> [Description of the task] Return the records from the first line through the line containing "Слайд 3 Играют", and leave out the pictures.

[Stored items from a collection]
※ ※ ※
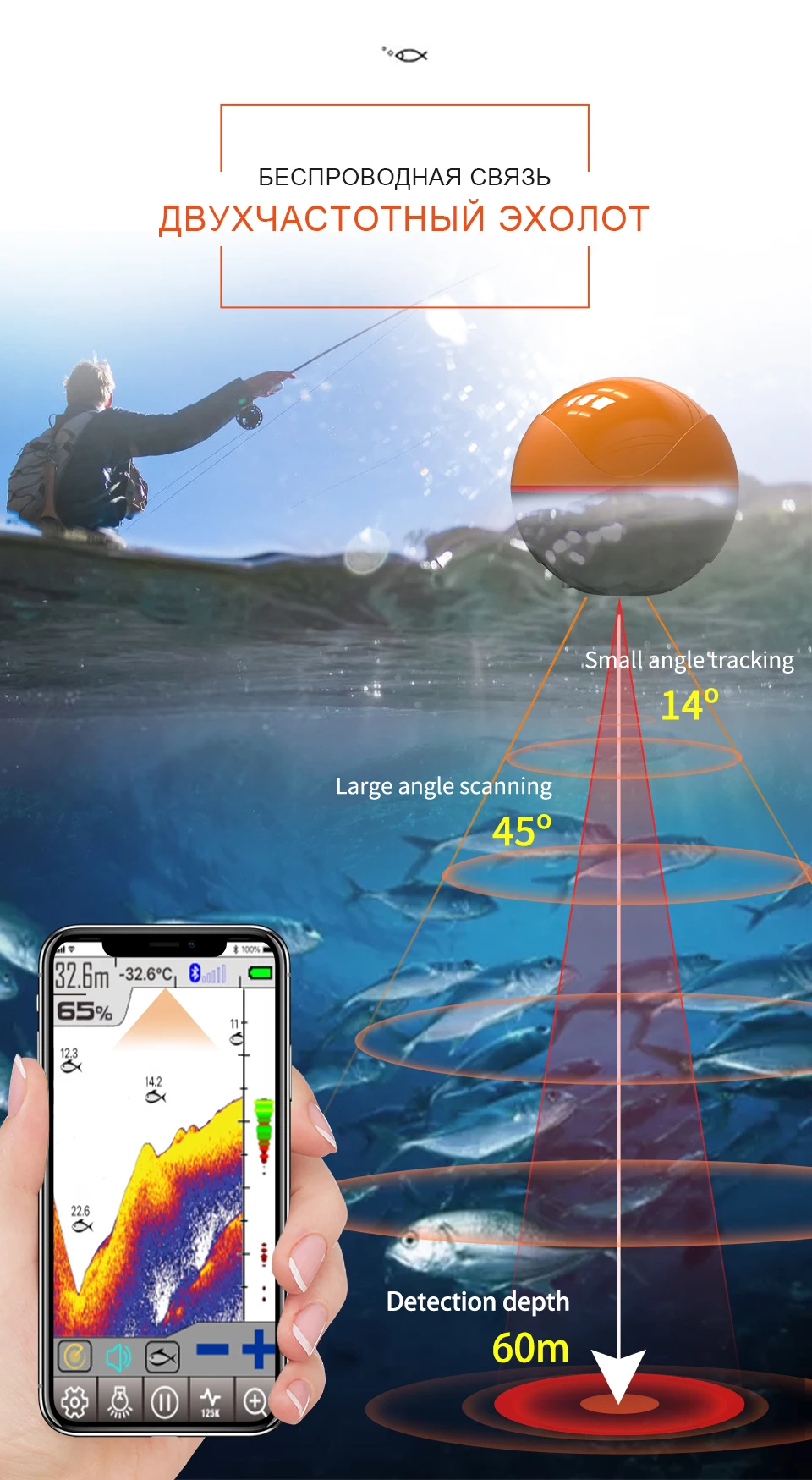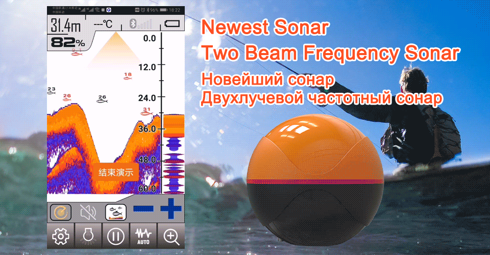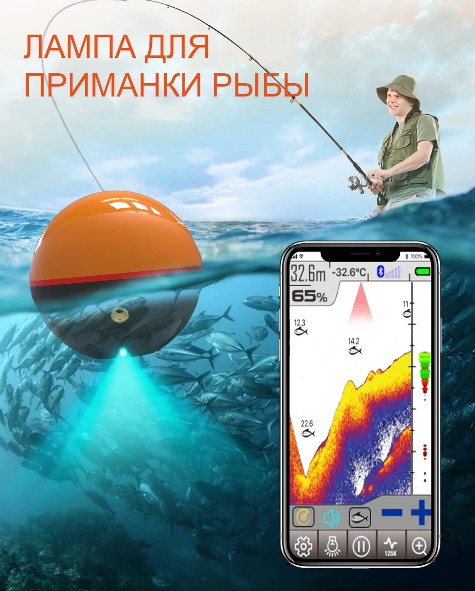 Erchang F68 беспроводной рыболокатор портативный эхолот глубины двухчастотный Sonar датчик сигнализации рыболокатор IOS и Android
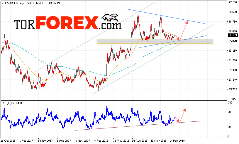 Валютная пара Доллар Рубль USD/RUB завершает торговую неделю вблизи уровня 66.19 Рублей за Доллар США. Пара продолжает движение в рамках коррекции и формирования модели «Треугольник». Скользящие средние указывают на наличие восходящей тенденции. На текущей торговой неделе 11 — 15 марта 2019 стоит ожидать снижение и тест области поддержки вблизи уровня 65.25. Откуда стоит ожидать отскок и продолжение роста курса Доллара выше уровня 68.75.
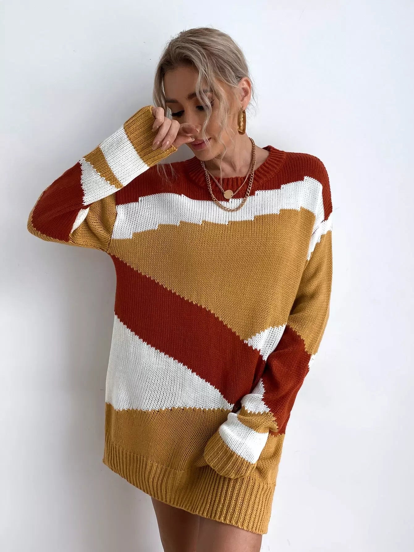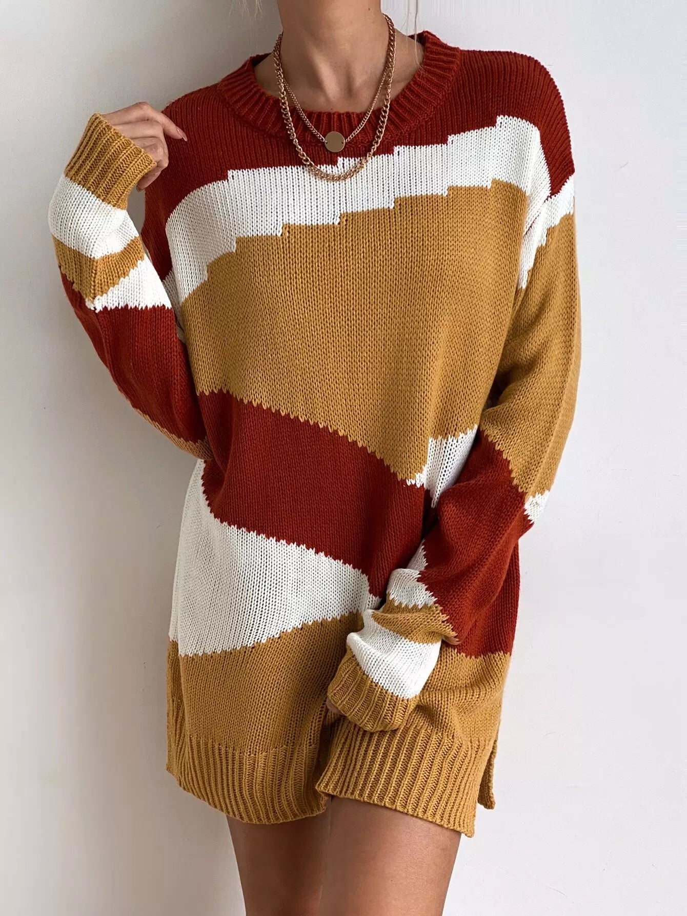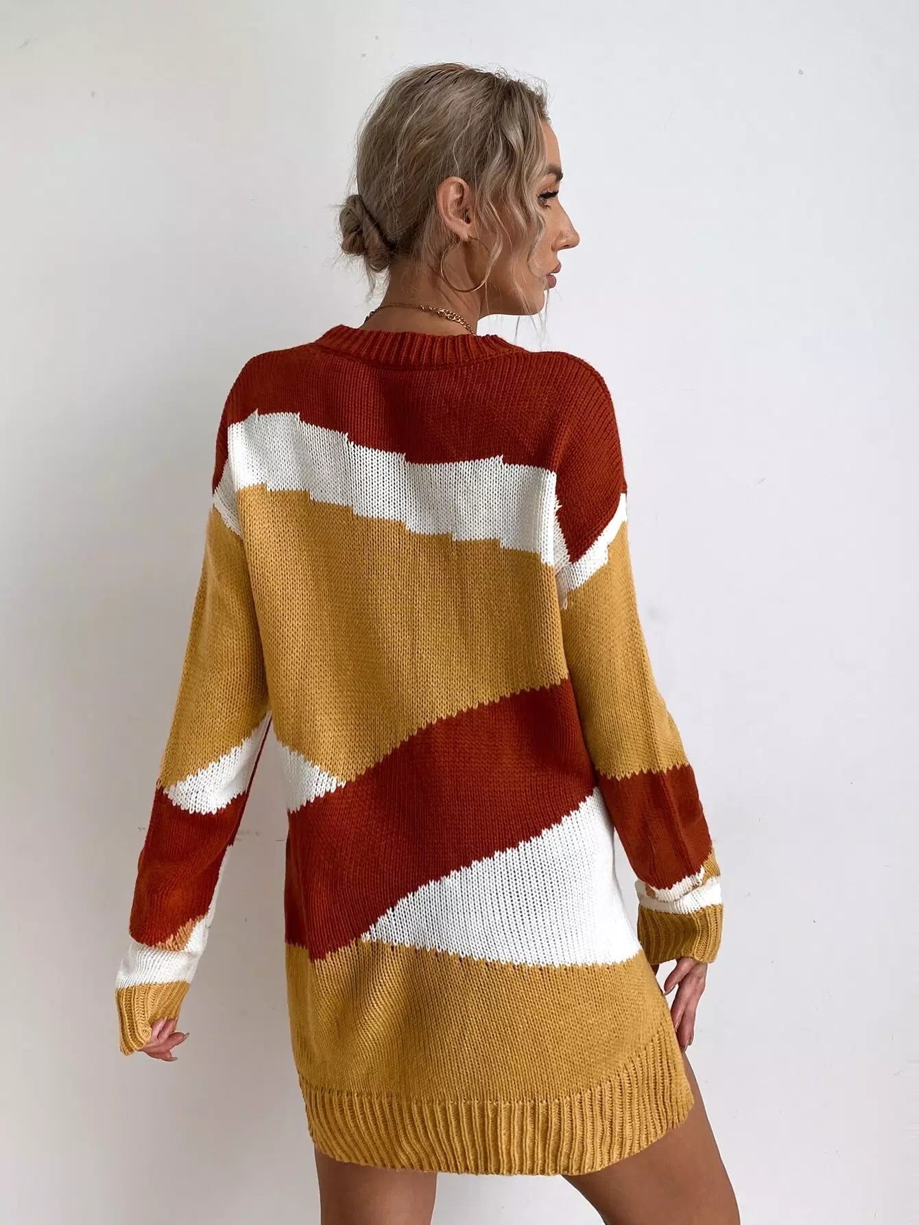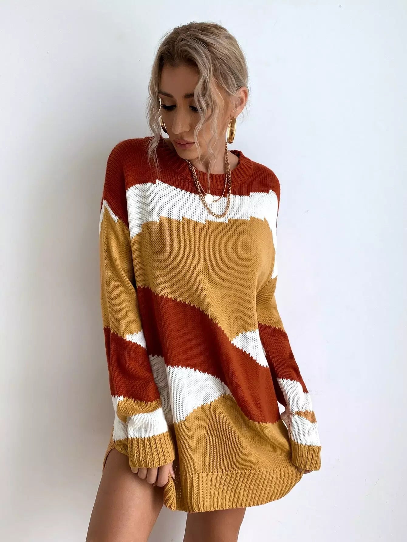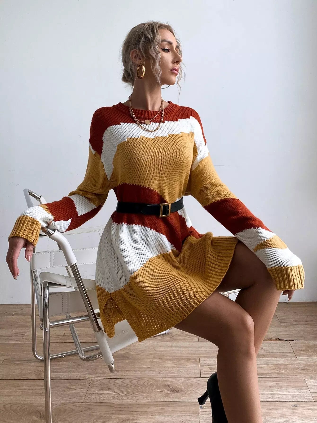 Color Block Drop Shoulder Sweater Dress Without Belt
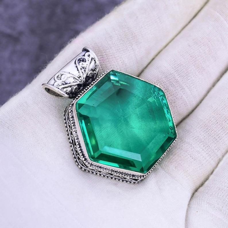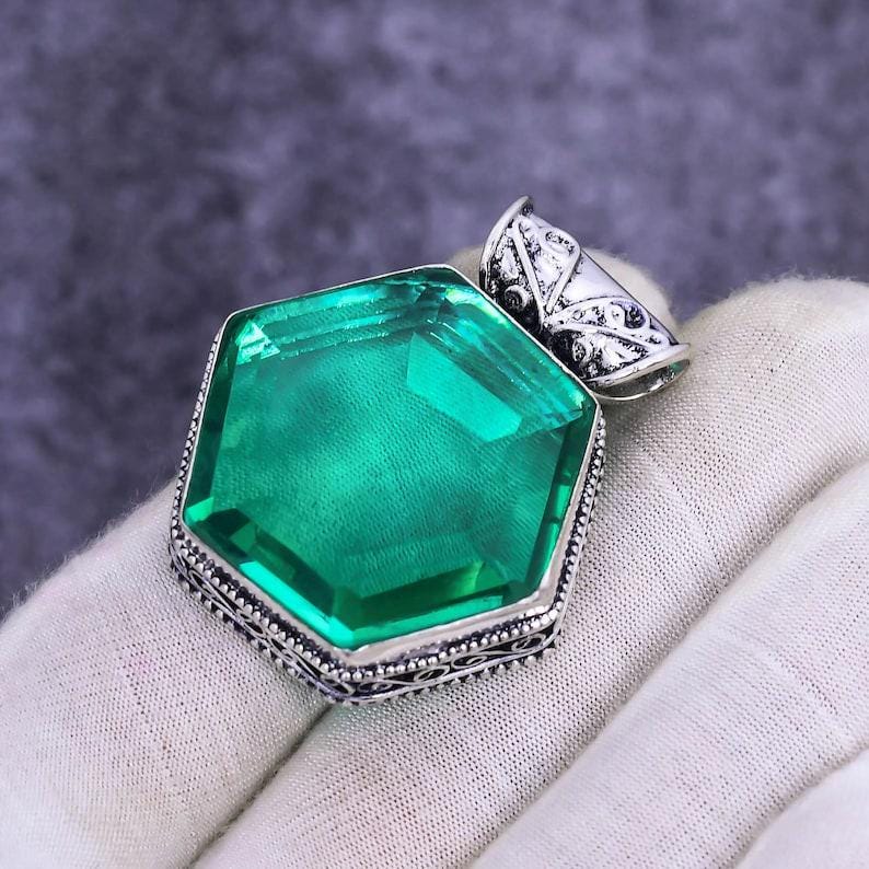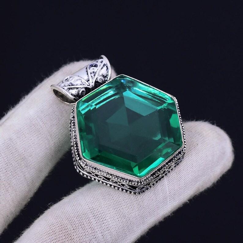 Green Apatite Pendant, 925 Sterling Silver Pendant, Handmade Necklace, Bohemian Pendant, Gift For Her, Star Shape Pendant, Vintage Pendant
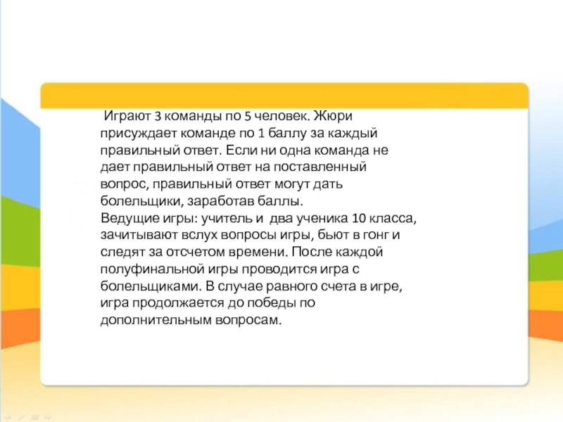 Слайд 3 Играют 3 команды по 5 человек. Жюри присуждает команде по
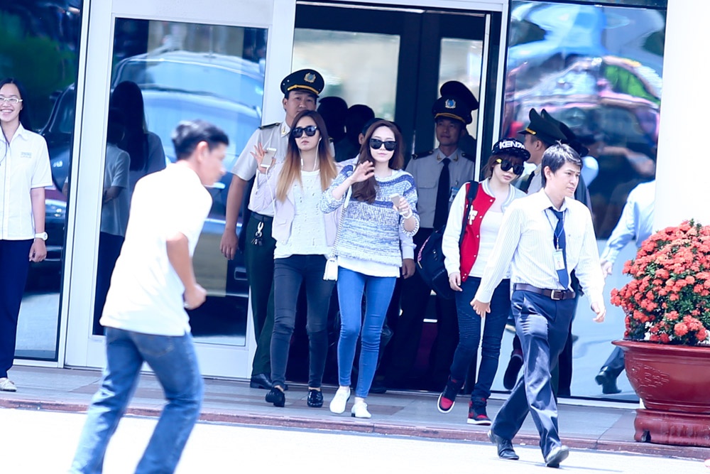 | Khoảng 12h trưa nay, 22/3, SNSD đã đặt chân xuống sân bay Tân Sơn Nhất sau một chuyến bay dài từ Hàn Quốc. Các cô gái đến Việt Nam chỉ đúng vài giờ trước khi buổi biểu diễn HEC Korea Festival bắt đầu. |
※ ※ ※
> [Answer section]
 Erchang F68 беспроводной рыболокатор портативный эхолот глубины двухчастотный Sonar датчик сигнализации рыболокатор IOS и Android
 Валютная пара Доллар Рубль USD/RUB завершает торговую неделю вблизи уровня 66.19 Рублей за Доллар США. Пара продолжает движение в рамках коррекции и формирования модели «Треугольник». Скользящие средние указывают на наличие восходящей тенденции. На текущей торговой неделе 11 — 15 марта 2019 стоит ожидать снижение и тест области поддержки вблизи уровня 65.25. Откуда стоит ожидать отскок и продолжение роста курса Доллара выше уровня 68.75.
 Color Block Drop Shoulder Sweater Dress Without Belt
 Green Apatite Pendant, 925 Sterling Silver Pendant, Handmade Necklace, Bohemian Pendant, Gift For Her, Star Shape Pendant, Vintage Pendant
 Слайд 3 Играют 3 команды по 5 человек. Жюри присуждает команде по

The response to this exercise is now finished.